> [WHAT THE EXERCISE ASKS] Look in the listing below for the line that has "本网讯(文 郑建超)根据软科", then return it and each following line up to and including the one with "Secretary-General Ban Ki-moon", exactly and without pictures.

> [INFORMATION SHOWN]
=== Section Start ===

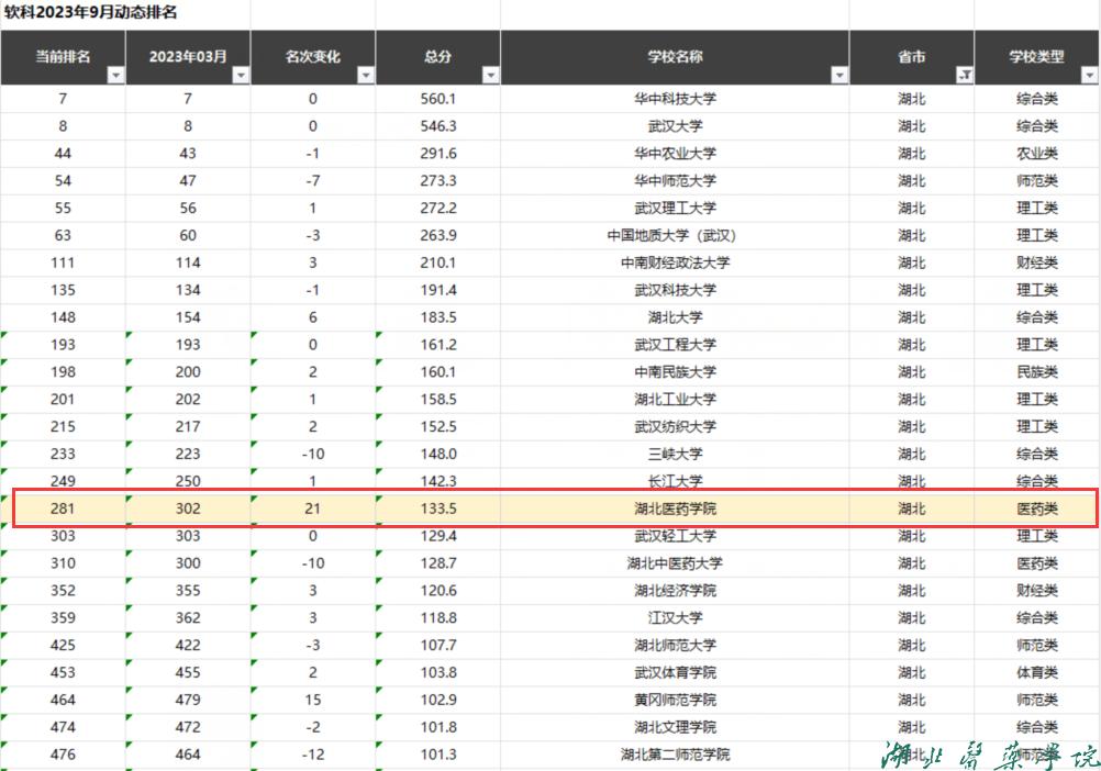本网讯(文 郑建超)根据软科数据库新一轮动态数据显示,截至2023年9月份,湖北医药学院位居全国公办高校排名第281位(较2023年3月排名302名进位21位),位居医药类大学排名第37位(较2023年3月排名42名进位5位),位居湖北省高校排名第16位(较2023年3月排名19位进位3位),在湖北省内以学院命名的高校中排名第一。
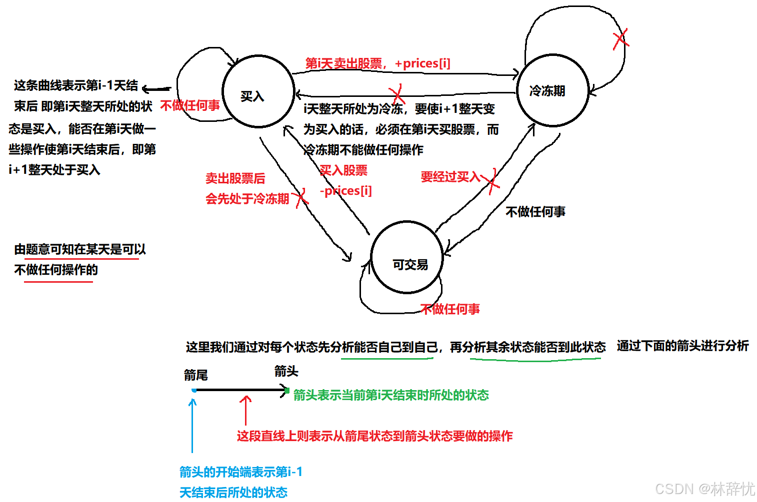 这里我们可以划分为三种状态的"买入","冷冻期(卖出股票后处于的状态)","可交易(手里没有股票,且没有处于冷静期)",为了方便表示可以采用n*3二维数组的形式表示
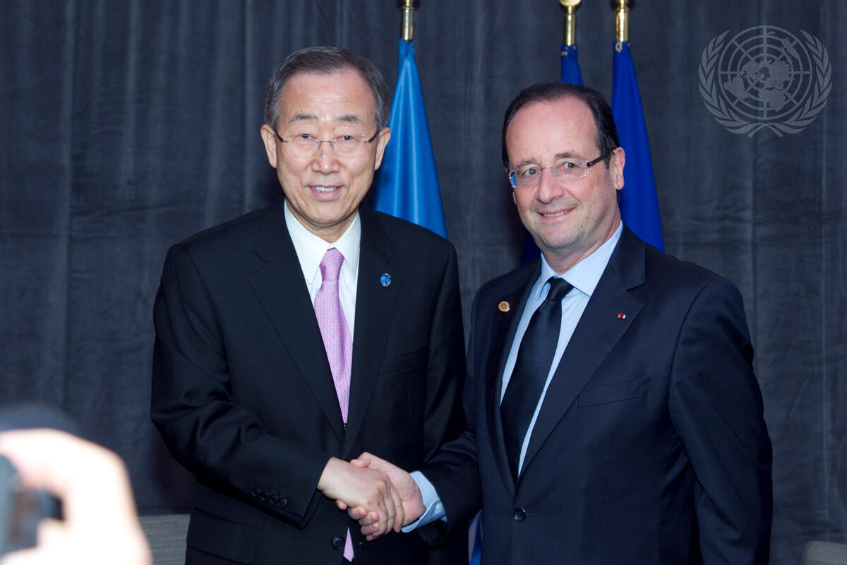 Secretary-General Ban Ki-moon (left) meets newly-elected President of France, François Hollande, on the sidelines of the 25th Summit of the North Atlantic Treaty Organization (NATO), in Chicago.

=== Section End ===
=== Section Start ===

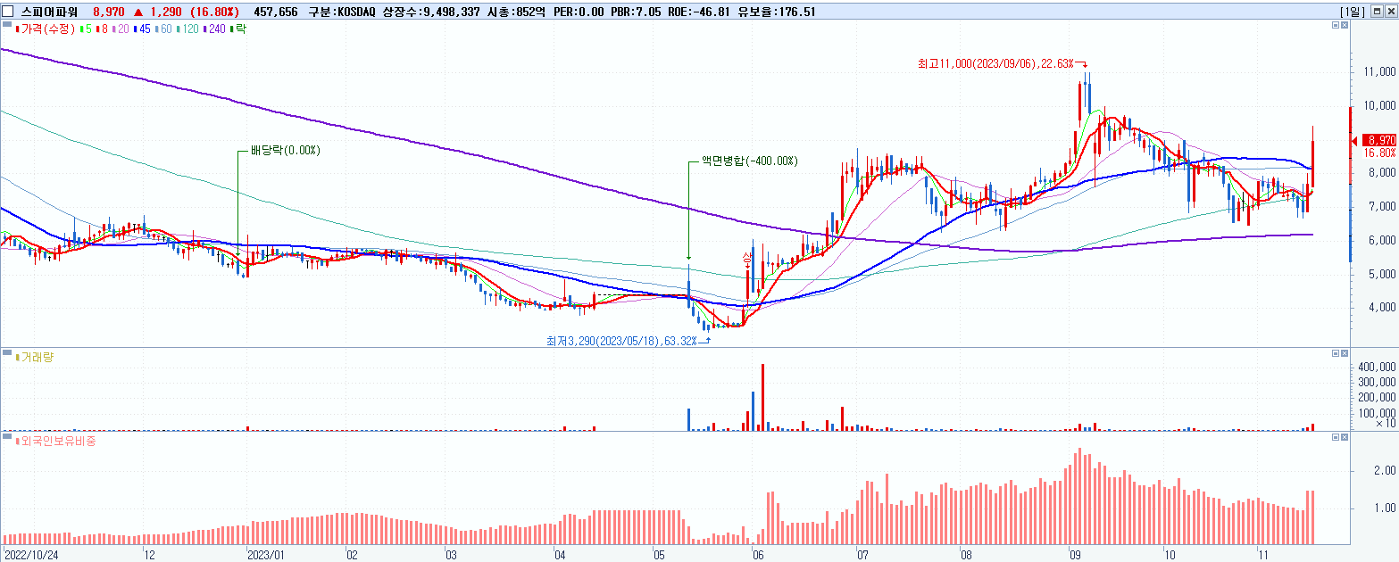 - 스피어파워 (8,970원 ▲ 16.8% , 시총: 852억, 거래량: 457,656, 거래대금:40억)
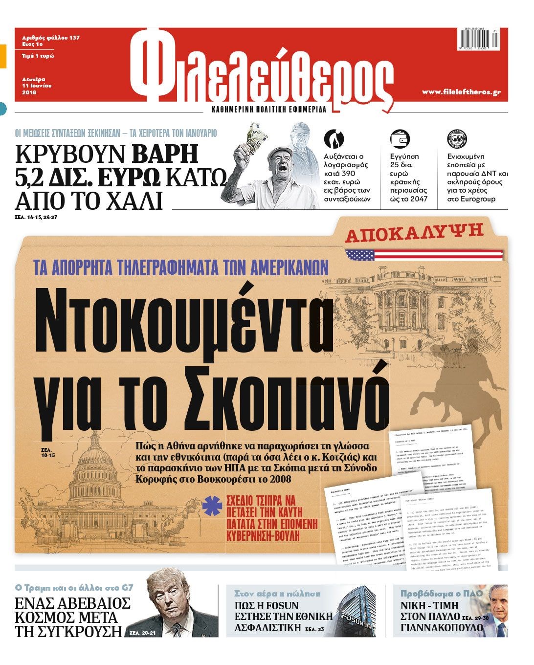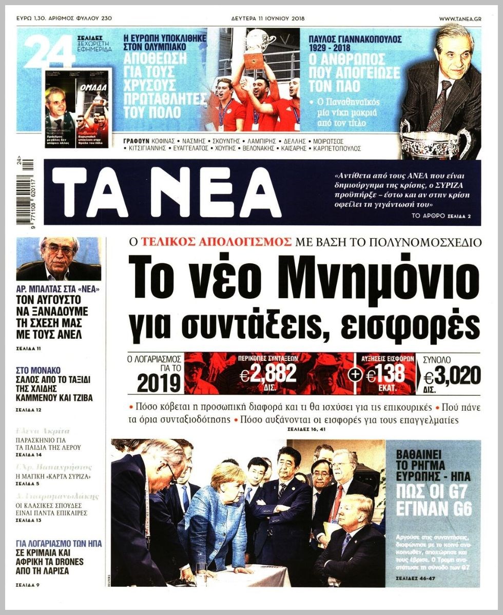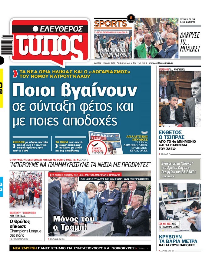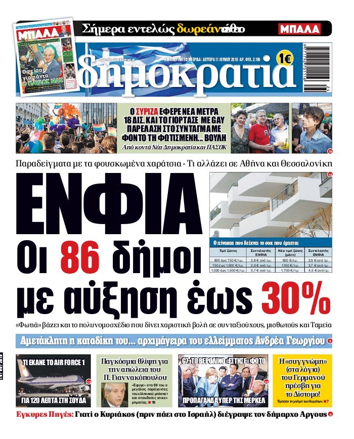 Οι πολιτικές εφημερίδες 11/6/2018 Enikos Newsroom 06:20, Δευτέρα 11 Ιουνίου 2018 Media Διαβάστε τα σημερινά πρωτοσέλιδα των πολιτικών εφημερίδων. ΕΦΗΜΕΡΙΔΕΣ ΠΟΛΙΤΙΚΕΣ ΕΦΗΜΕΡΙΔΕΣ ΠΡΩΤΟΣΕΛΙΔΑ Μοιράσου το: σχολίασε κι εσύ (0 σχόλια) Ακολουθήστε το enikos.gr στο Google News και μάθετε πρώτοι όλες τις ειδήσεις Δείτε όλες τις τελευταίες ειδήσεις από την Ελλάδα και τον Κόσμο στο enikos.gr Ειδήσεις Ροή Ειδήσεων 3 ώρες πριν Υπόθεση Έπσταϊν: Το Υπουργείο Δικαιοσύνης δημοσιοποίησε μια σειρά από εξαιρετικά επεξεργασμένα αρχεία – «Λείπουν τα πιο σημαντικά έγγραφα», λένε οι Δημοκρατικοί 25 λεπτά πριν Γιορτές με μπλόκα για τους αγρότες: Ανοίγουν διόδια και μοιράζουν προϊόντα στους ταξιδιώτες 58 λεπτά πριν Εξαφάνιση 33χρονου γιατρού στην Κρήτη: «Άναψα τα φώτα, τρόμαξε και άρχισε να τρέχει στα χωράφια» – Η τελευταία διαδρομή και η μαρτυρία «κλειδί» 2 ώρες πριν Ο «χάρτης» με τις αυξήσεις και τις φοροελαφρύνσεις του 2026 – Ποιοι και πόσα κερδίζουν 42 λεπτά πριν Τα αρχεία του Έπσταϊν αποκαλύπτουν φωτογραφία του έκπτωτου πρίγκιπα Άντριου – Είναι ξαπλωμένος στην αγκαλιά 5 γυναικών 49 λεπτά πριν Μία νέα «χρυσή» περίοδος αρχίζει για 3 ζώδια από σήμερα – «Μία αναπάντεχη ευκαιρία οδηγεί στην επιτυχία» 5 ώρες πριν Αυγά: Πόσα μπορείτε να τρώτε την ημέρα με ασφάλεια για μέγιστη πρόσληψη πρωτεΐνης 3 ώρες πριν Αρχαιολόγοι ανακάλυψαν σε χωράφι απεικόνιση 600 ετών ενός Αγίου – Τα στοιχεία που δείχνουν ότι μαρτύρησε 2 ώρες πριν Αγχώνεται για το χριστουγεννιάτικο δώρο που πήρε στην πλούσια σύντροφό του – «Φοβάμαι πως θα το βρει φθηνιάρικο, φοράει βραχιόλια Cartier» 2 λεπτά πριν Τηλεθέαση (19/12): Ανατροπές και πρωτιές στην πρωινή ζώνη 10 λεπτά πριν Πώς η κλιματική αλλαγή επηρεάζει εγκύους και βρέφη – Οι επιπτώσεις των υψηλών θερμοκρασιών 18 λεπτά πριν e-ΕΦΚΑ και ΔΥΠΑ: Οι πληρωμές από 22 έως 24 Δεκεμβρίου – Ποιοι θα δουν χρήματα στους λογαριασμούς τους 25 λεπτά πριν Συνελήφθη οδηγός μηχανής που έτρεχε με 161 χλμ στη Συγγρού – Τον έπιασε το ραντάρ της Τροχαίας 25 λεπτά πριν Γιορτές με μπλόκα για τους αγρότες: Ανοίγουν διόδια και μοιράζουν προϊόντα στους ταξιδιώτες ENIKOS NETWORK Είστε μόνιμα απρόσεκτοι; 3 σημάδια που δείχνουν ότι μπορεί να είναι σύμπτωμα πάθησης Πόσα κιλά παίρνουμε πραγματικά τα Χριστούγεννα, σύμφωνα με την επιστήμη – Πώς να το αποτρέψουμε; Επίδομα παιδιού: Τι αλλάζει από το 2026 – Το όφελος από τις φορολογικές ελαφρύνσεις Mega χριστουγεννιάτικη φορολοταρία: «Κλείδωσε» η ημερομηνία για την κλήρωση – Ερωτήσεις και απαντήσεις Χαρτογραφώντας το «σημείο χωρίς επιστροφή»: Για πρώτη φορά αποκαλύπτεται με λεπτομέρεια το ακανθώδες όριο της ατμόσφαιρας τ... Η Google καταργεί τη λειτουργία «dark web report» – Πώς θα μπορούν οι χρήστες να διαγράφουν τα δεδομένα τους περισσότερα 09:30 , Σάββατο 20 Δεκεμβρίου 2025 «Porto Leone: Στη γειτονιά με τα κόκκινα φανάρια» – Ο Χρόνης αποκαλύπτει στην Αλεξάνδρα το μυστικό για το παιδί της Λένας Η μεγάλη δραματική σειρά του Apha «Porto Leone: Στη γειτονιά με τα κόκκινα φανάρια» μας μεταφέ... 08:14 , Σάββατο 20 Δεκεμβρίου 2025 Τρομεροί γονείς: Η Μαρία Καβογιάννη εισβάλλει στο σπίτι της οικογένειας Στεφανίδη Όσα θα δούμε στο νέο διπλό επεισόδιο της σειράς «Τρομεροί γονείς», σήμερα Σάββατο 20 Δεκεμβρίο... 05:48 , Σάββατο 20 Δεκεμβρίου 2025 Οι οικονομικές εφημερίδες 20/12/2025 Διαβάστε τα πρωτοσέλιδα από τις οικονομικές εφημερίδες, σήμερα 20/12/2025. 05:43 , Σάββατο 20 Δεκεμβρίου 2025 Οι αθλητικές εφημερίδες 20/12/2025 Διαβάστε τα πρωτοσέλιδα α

=== Section End ===
=== Section Start ===

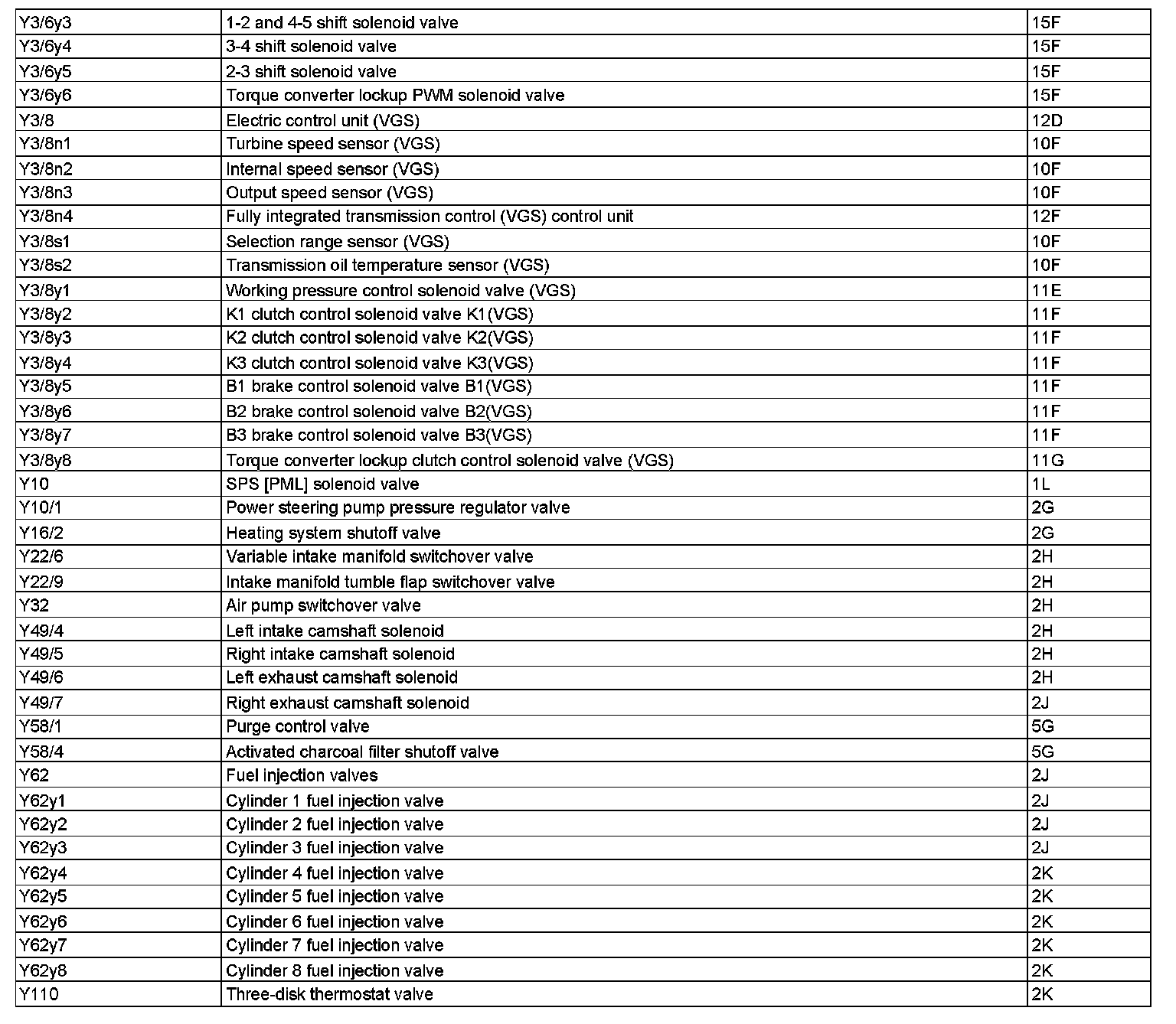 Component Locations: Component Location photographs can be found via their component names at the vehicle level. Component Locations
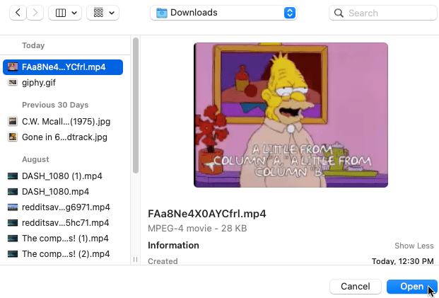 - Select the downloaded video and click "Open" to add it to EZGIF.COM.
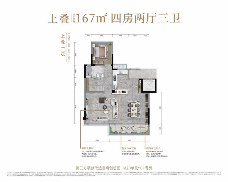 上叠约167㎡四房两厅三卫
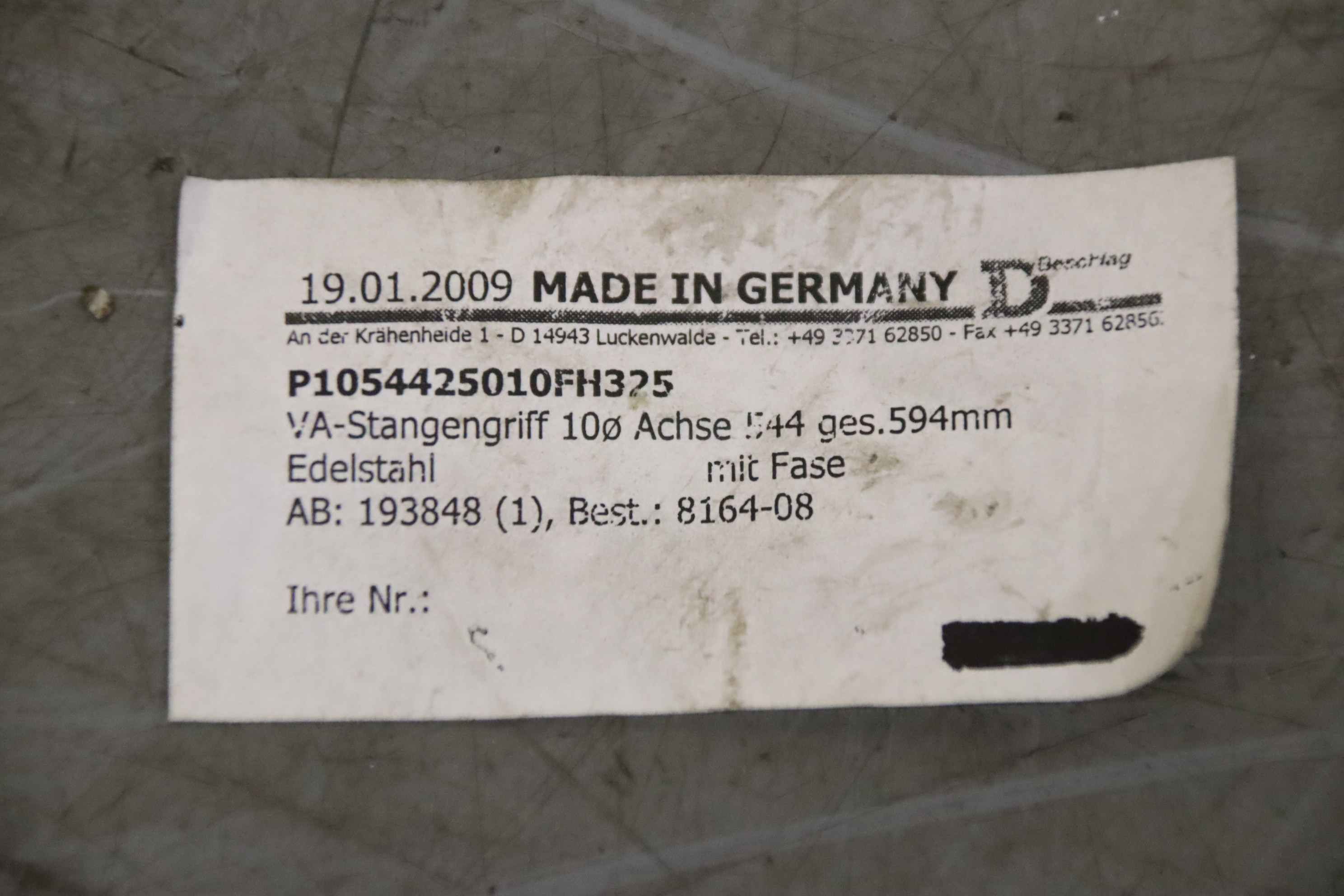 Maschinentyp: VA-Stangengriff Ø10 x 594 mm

=== Section End ===

> [OUTPUT FOR THIS EXERCISE]
本网讯(文 郑建超)根据软科数据库新一轮动态数据显示,截至2023年9月份,湖北医药学院位居全国公办高校排名第281位(较2023年3月排名302名进位21位),位居医药类大学排名第37位(较2023年3月排名42名进位5位),位居湖北省高校排名第16位(较2023年3月排名19位进位3位),在湖北省内以学院命名的高校中排名第一。
 这里我们可以划分为三种状态的"买入","冷冻期(卖出股票后处于的状态)","可交易(手里没有股票,且没有处于冷静期)",为了方便表示可以采用n*3二维数组的形式表示
 Secretary-General Ban Ki-moon (left) meets newly-elected President of France, François Hollande, on the sidelines of the 25th Summit of the North Atlantic Treaty Organization (NATO), in Chicago.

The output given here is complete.